◆ **Your assignment**
All that is wanted is the lines from the first line of the listing below through the line containing "7月12日晚,游客在昆明斗南花卉交易市场内挑选鲜花 陈欣波 摄", written out exactly with pictures left out.

################

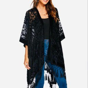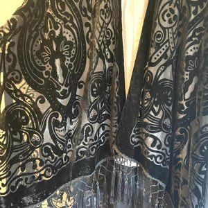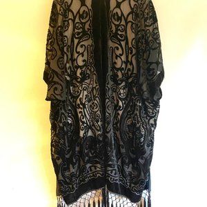 Black Velvet Kimono art deco Design, semi sheer with velvet, beautiful fringe
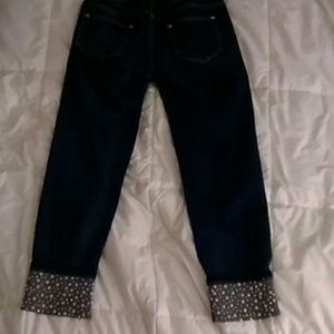 These jeans are in great condition! They are glamorized with beautiful rhinestones all along the ankles. Buy now before it's too late :)
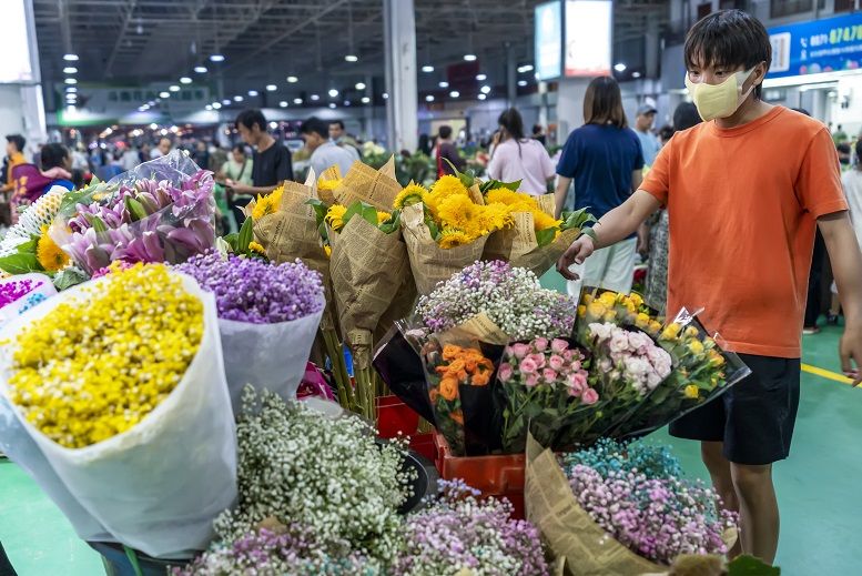 7月12日晚,游客在昆明斗南花卉交易市场内挑选鲜花 陈欣波 摄
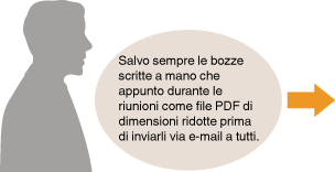 Registrare gli indirizzi di posta dei partecipanti e il formato file come una combinazione <PDF (Compresso)> su <Impostazioni preferite>. È possibile utilizzare questa combinazione in tutta semplicità quando necessario. Registrazione delle impostazioni scansione utilizzate frequentemente (e-mail/cartella condivisa/file server)
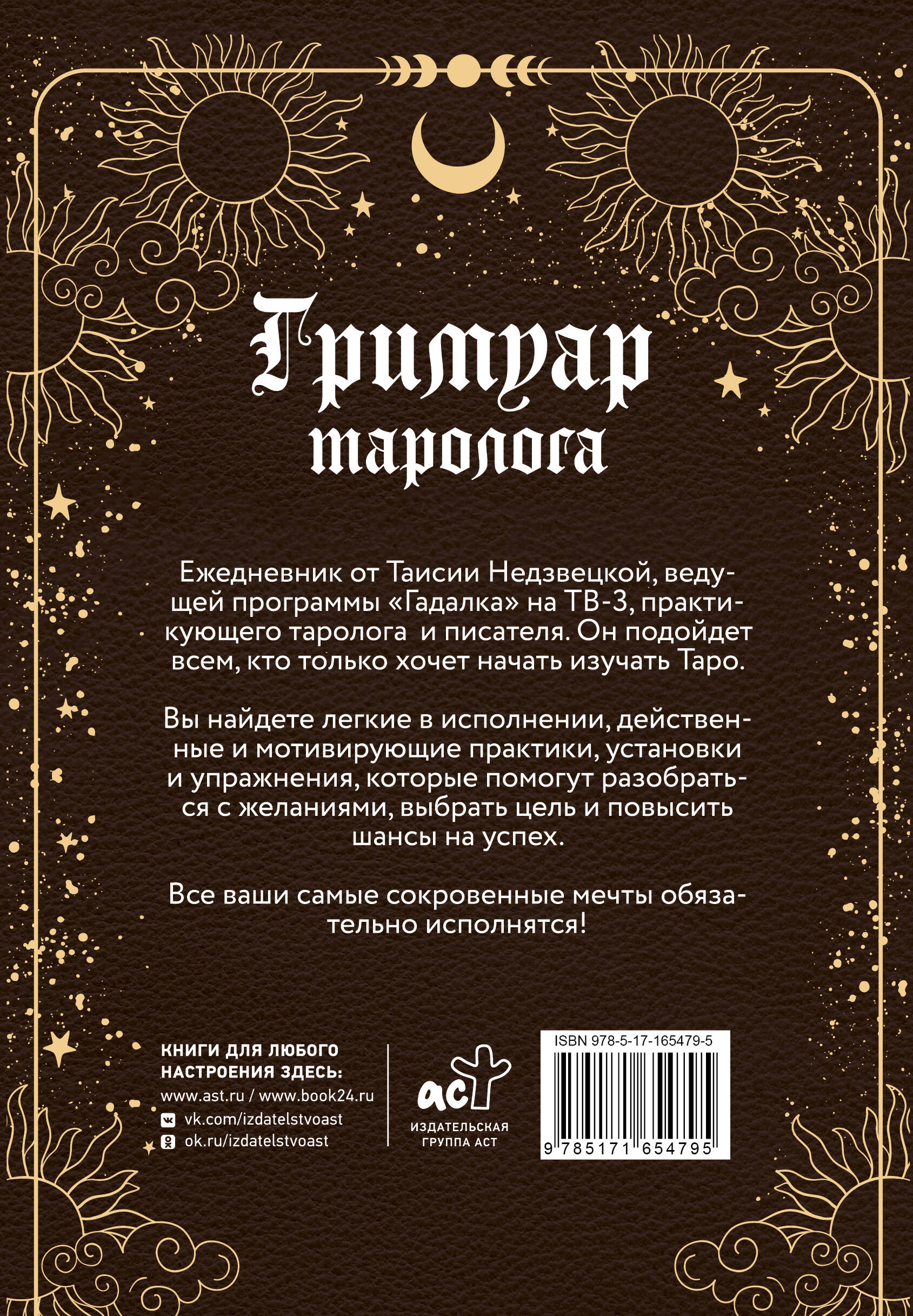 Ежедневник от Таисии Недзвецкой, ведущей программы "Гадалка" на ТВ-3, практикующего таролог и писателя. Он подойдет всем, кто только хочет начать изучать Таро. Вы найдете легкие в исполнении, действенные и мотивирующие практики, установки и упражнения, которые помогут разобраться с желаниями, выбрать цель и повысить шансы на успех. Все ваши самые сокровенные мечты обязательно исполнятся!| Издательство | Издательство "АСТ" |
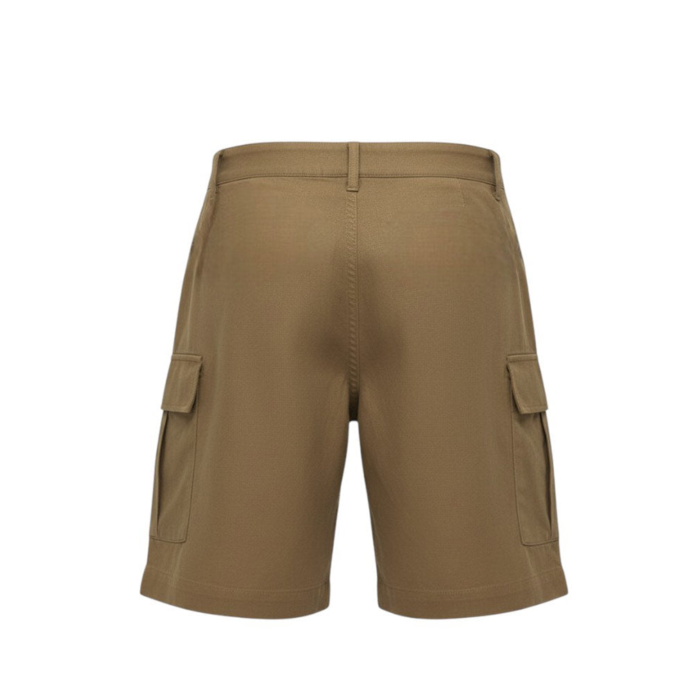 Bermuda realizzato in misto lino, caratterizzato da chiusura frontale con bottone e zip, vita regolabile grazie ad elastico interno con bottoncini, due tasche laterali all'americana e due tasche cargo sui lati.
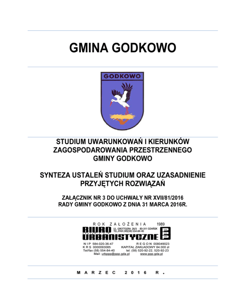 GMINA GODKOWO STUDIUM UWARUNKOWAŃ I KIERUNKÓW ZAGOSPODAROWANIA PRZESTRZENNEGO GMINY GODKOWO SYNTEZA USTALEŃ STUDIUM ORAZ UZASADNIENIE PRZYJĘTYCH ROZWIĄZAŃ ZAŁĄCZNIK NR 3 DO UCHWAŁY NR XVII/81/2016 RADY GMINY GODKOWO Z DNIA 31 MARCA 2016R. R O K Z A Ł O Ż E N I A 1989 N I P 584-020-36-47 R E G O N 008049023 K R S 0000093085 KAPITAŁ ZAKŁADOWY 84.000 zł Tel/fax (58) 554-84-40 tel. (58) 520-92-22, 520-92-23 Mail: [email protected] www.ppp.gda.pl M A R Z E C 2 0 1 6 R . SYNTEZA USTAELŃ STUDIUM UWARUNKOWAŃ I KIERUNKÓW ZAGOSPODAROWANIA PRZESTRZENNEGO GMINY GODKOWO, UZASADNIENIE PRZYJĘTYCH ROZWIĄZAŃ STUDIUM UWARUNKOWAŃ I KIERUNKÓW ZAGOSPODAROWANIA PRZESTRZENNEGO GMINY GODKOWO Opracowanie Studium uwarunkowań i kierunków zagospodarowania przestrzennego, zwane w dalszej części dokumentu Studium, jest wypełnieniem ustawowego obowiązku określenia polityki przestrzennej, w tym zasad zagospodarowania przestrzennego terenu gminy. Opracowanie studium jest zadaniem własnym gminy, realizowanym przez Wójta na mocy ustawy o samorządzie gminnym. Formalny zakres i tryb pracy nad Studium określa ustawa z dnia 27 marca 2003r. o planowaniu i zagospodarowaniu przestrzennym (tekst jednolity Dz. U. z 2015 r. poz. 199 z późn. zmianami). Studium jest aktualizacją dokumentu „Studium uwarunkowań i kierunków zagospodarowania przestrzennego gminy Godkowo, przyjętego uchwałą nr XIV/73/2000 Rady Gminy Godkowo z dnia 15 czerwca 2000r. Projekt Studium został opracowany w wykonaniu Uchwały nr VI/26/2015 z dnia 30 kwietnia 2015 roku w sprawie przystąpienia do sporządzenia Studium uwarunkowań i kierunków zagospodarowania przestrzennego Gminy Godkowo. ZAWARTOŚC STUDIUM Dokument Studium składa się z następujących części, stanowiących załączniki do uchwały Rady Gminy Godkowo w sprawie uchwalenia Studium: 1) Załącznik nr 1 - Studium uwarunkowań i kierunków zagospodarowania przestrzennego gminy Godkowo, składające się z części tekstowej i graficznej: a) Załącznik nr 1A - Studium uwarunkowań i kierunków zagospodarowania przestrzennego gminy Godkowo – tekst studium, b) Załącznik nr 1B – Studium uwarunkowań i kierunków zagospodarowania przestrzennego gminy Godkowo – rysunek Studium w skali 1:10000; 2) Załącznik nr 2 - Rozstrzygnięcie o sposobie rozpatrzenia uwag; 3) Załącznik nr 3 – Synteza ustaleń Studium, uzasadnienie przyjętych rozwiązań. ZESPÓŁ AUTORSKI Projekt studium wykonany został w latach 2015 - 2016 we współpracy z Wójtem Gminy Godkowo oraz Urzędem Gminy Godkowo przez zespół autorski Biura Urbanistycznego PPP sp. z o.o. w Gdańsku pod kierunkiem mgr inż. arch. Aleksandry Piskorskiej (uprawnienia do projektowaniu w planowaniu przestrzennym nr 1046/89) SPIS TREŚCI 1. Struktura funkcjonalno przestrzenna gminy Godkowo ....................................................................................................3 2. Kierunki zmian w przeznaczeniu terenów........................................................................................................................ 5 3. Zasady lokalizacji urządzeń wytwarzających energię z odnawialnych źródeł energii...................................................... 6 4. Kierunki i zasady kształtowania rolniczej przestrzeni produkcyjnej, ................................................................................ 7 5. Kierunki i zasady kształtowania leśnej przestrzeni produkcyjnej, ....................................................................................8 6. Powierzchniowa eksploatacja kopalin ............................................................................................................................. 9 7. Kierunki ochrony przyrody i krajobrazu............................................................................................................................ 9 7.1. Formy ochrony przyrody i krajobrazu ....................................................................................................................... 9 7.2. System osnowy ekologicznej gminy ....................................................................................................................... 10 8. Kierunki ochrony dziedzictwa kulturowego i zabytków oraz dóbr kultury współczesnej ................................................ 10 8.1. Obiekty i obszary wpisane do rejestru zabytków województwa warmińsko mazurskiego ...................................... 10 8.2. Zasady ochrony krajobrazu kulturowego gminy ..................................................................................................... 11 8.3. Zabytki archeologiczne podlegające ochronie .......................................................................................................12 8.4. Historycznie ukształtowane formy zabudowy .........................................................................................................12 8.5. Kierunki działań związanych z ewidencjonowaniem zabytków i opieką nad zabytkami ......................................... 12 9. Układ komunikacyjny gminy i kierunki jego rozwoju ...................................................................................................... 12 10. Systemy infrastruktury technicznej i kierunki ich rozwoju ............................................................................................ 13 10.1. Zaopatrzenie w wodę ........................................................................................................................................... 13 10.2. Odprowadzanie ścieków komunalnych ................................................................................................................14 10.3. Zaopatrzenie w energię elektryczną..................................................................................................................... 15 11. Uzasadnienie przyjętych rozwiązań.................................................................
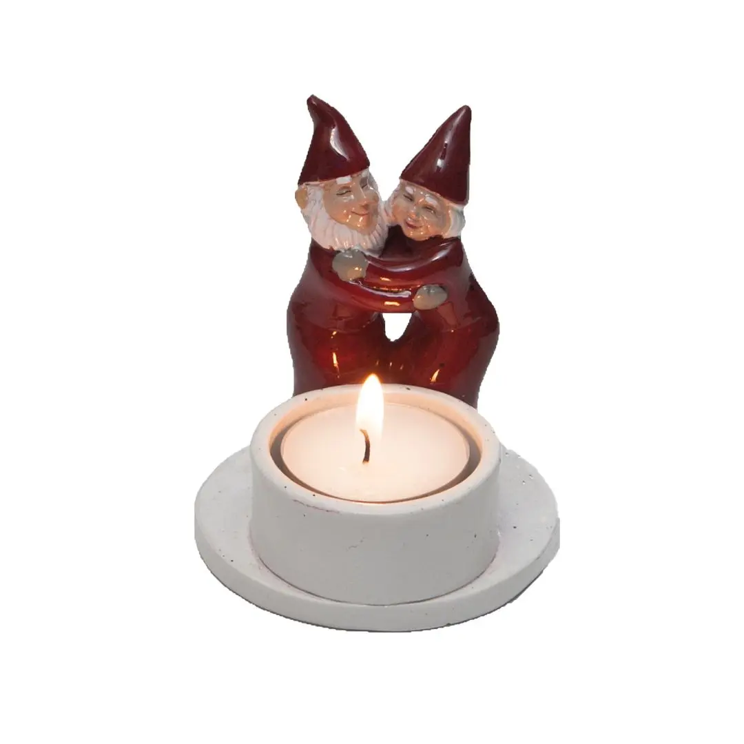 Julen blir mysig tillsammans. Denna ljuslykta för ett värmeljus har två tomtar som står och kramas. De två tomtarna håller om varandra och värmer sig på ljuset. De har båda vitt hår och är klädda i rött. Denna ljuslykta förmedlar verkligen julens mysiga stämning och passar jättebra att ha både på matbordet och soffbordet.

################

◆ **Result**
 Black Velvet Kimono art deco Design, semi sheer with velvet, beautiful fringe
 These jeans are in great condition! They are glamorized with beautiful rhinestones all along the ankles. Buy now before it's too late :)
 7月12日晚,游客在昆明斗南花卉交易市场内挑选鲜花 陈欣波 摄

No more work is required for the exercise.